Wonkbook: Bad news on jobs, good news on states
Wonkbook leads with a bit of bad news today: Jobless claims jumped this week. That's a noisy data set, so it may not mean anything. But after a lackluster jobs report for March, it's not a good sign.
But we've got some good news, too: State revenues jumped 8.9 percent last year. As my colleague Michael Fletcher reports, "The improvement spanned the country, with all 50 states reporting an increase in tax collections — something just 11 states experienced during the previous fiscal year."
Their recovery isn't finished, of course. Revenues remain below pre-recession levels. But the worst of their pain seems to be over. And that will mean an end to one of the key drags on the recovery.

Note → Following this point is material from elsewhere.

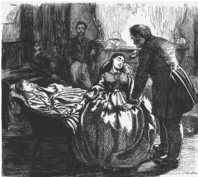
Fig. 7.1. Illustration by George du Maurier, from The Notting Hill Mystery by Charles Warren Adams, Once a Week: An Illustrated Miscellany of Literature, Art, Science, and Popular Information 7 (1862): 645.

trude Anderton, William Anderton, Madame Rosalie) are murdered by the Baron and, notably, the two female characters are murdered through mesmeric means. Peculiar susceptible to the Baron's powers, Gertrude belies her extreme capacity for physical sympathy with his very first mesmeric experiment. "He certainly is powerful," she writes in her diary, "for he had scarcely made a pass over me before I felt a glow though my whole frame." 34 Though Gertrude seems anxious about the Baron's power, she quickly responds to the pass and allows herself to sympathetically meld with the Baron—unwittingly (and self-destructively) yielding to his desires and accomplishing his pecuniary goals. It is worth noting that early in the novel, the Baron, though aware of Gertrude's inheritance and that Gertrude and Rosalie are estranged identical twins (a fact that curiously eludes every other character in the novel), is unable to figure out how to secure Gertrude's money for

For the most part, states can't deficit spending. So, over the last few years, they've had to cut, and deep. State and local governments have lost more than 400,000 jobs since January 2010. And, just as worryingly, the budget cuts they've had to make have been savage, and have fallen hard on long-term priorities like higher education. The Center on Budget and Policy Priorities reports, for instance, that at least 25 states made deep cuts to higher education in their 2012 budgets. Some examples:
"Florida’s cuts in funding for the state’s universities has led to tuition hikes of 15 percent for the new school year, bringing the cumulative tuition increase since 2009 to 52 percent. Arizona cut state support for public universities by nearly one-quarter; when combined with previous cuts, this reduces per-student state funding 50 percent below pre-recession levels. California’s new budget reduces funding for the state’s two university systems by more than $1 billion. For one of those two systems, the University of California system, tuition for the 2011-12 school year will be 18 percent above last year’s rates and over 80 percent higher than it was in the 2007-08 school year."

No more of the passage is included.